Yet there are other others who by their very being and doing participate in the structures of oppression and perpetuate them. And, at the same time most of the rest of us are complicit with them without conscious thought or intent; it is our tax dollars that are taken from native and rural hospitals and poor and underfunded schools and given to the wealthy who were already paying their children’s 30 and $50,000 a year tuition with ease.
Our tax dollars are used to fund the engines of war grinding the bodies of Palestinian people – babies, children, women, men, the elderly and disabled – grinding them into dust under their collapsed homes and hospitals. Our tax dollars are being used to form and fund a white supremacist militia to kidnap black and brown folk off the street and ship them to random countries without regard to their citizenship or legal standing in this country. But more than that, without regard to their humanity or their place in the fabric of our lives as family and friends and, not just community members, but community builders. While some of us wrestle and resist being part of the structures of oppression that hurt us and those for whom we care.
And be clear, it is a white supremacist project even when black, brown and beige folk are participating in it, even at very senior levels. The ground troops of white supremacy have always included those who aspire to whiteness – not the artificially constructed racialized ethnicity, but the power structure built around that constructed identity. Some are implicated by much more than the passive use of our tax dollars.
And some of us have been broken by these systems and structures functioning just as they were designed. To keep folk poor. To keep healthcare unaffordable. To hoard the stolen resources of this country. To use the labor, skills, and ingenuity of our neighbors and co-laborers from around the world and then discard and criminalize them for having shared their gifts and talents to make us be more healthy, eat more deliciously, see more beauty and envision what we could not have imagined by ourselves. Who are you in in the prophet’s audience?
To those who are oppressed by the wealthy and the systems they have built to profit off the labor and ingenuities of others and, keep workers trapped in jobs without enough hours and and salaries and wages at or below the poverty line, often with no benefits and in some cases subject to wage theft, the prophet declares a message of good news.
To those whose hearts and hopes are broken, the prophet says that though it may not look like it now, you will not always be in this ragged broken place. There is no person, no betrayal, no wicked system whose hurt and harm cannot be healed. There is no heart so broken that it cannot be made whole. These broken hearts of ours can be bound like a broken limb and held in place by a supportive embrace until they are strong enough to navigate the world at their own pace.
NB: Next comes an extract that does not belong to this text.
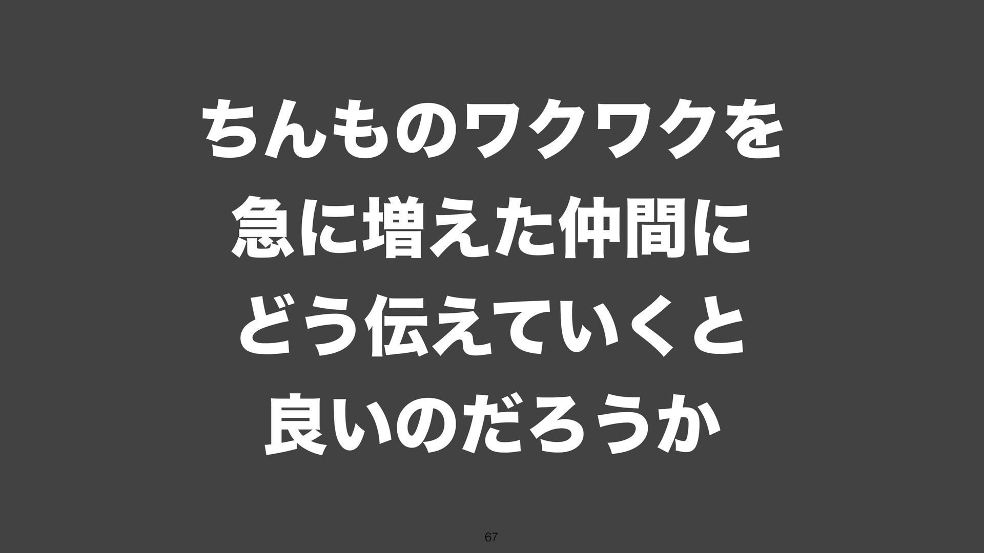 67 ͪΜͷϫΫϫΫΛ ٸʹ૿͑ͨؒʹ Ͳ͏͍͑ͯ͘ͱ ྑ͍ͷͩΖ͏͔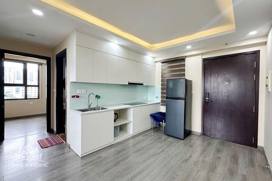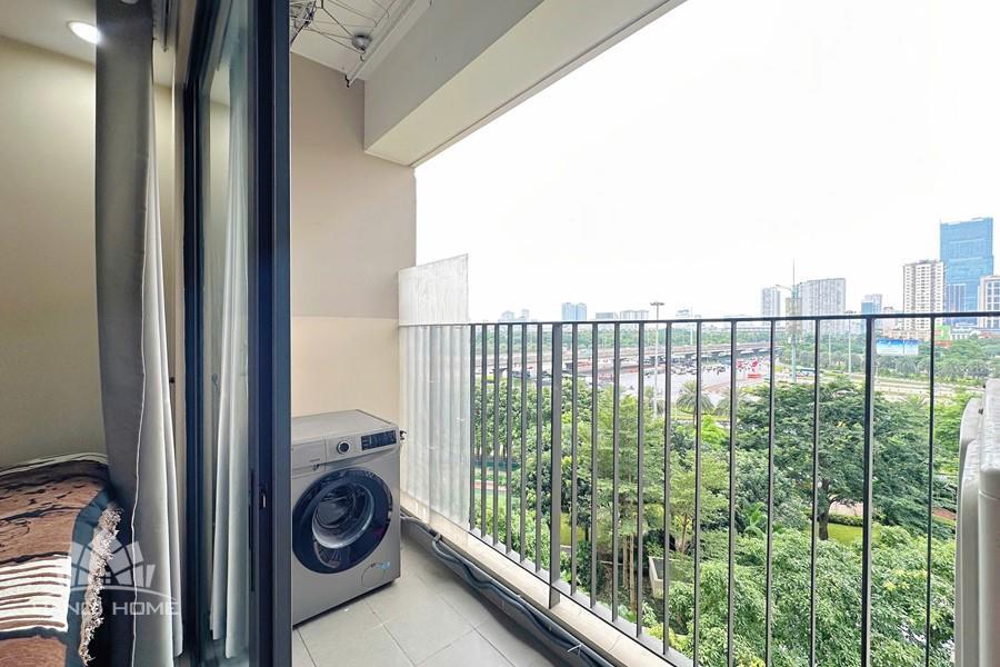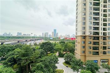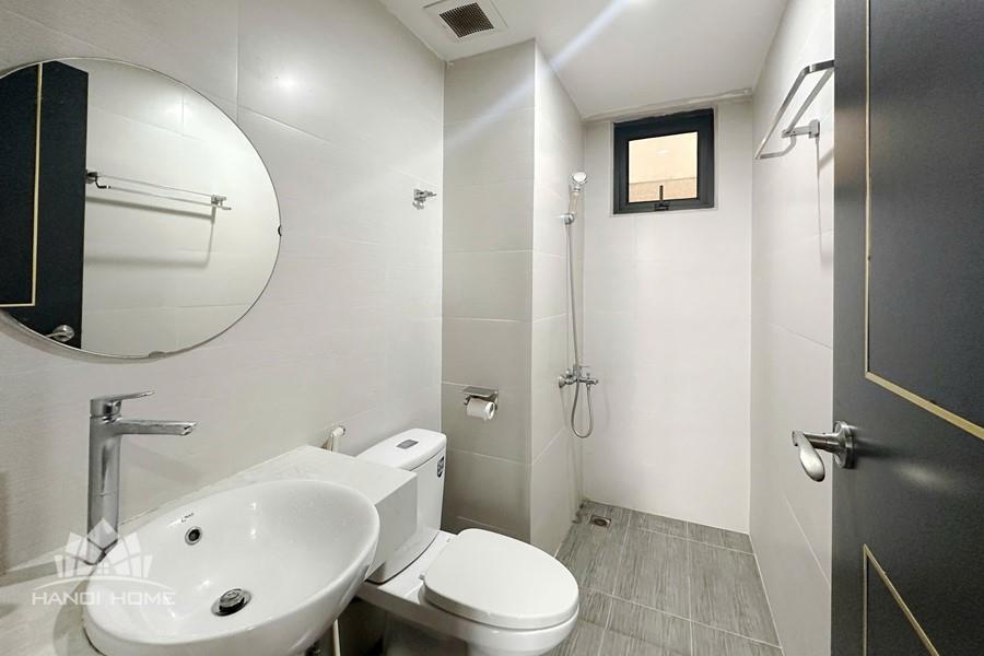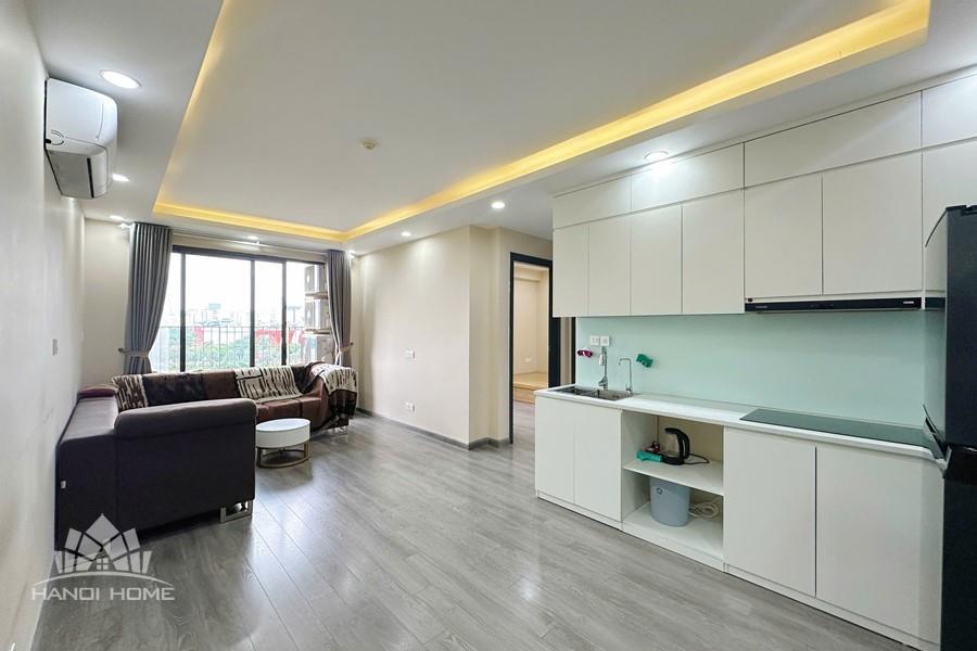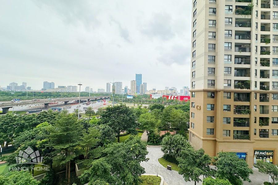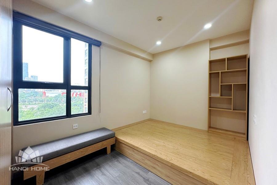 This apartment at D’Capitale is the perfect choice for those seeking a modern, comfortable living space with stunning views in the heart of Hanoi. Featuring a luxurious design that maximizes usable space while maintaining openness and elegance, the apartment is fully equipped with contemporary furnishings. Each bedroom is fitted with large windows that welcome natural light and offer vibrant city views. The flooring is finished with high-quality wood, complemented by recessed ceiling lights with warm yellow tones that create a cozy and refined atmosphere.

We are called to bind up each other’s wounds, to hold each other in our brokenness, even as we are being held. The prophet does not predicate the comfort of the brokenhearted on the destruction or reversal of any of the systems of oppression that hold the people captive. We don’t have to wait for the world to be made right in order for we, ourselves, to be made whole or to hold others on their journey to wholeness.
And to those who are held captive and imprisoned, physically and metaphorically, to those seized by military forces denied their legal, civil and human legal rights, to those snatched up and roughed up by policing and civil forces because of the color of their skin and the place that they are in, to those held captive by desires, diseases and addictions against which they struggle and sometimes lose, to those held captive and imprisoned in communities without public transportation or grocery stores or – still in this day and age – running water, the prophet declares freedom and liberation.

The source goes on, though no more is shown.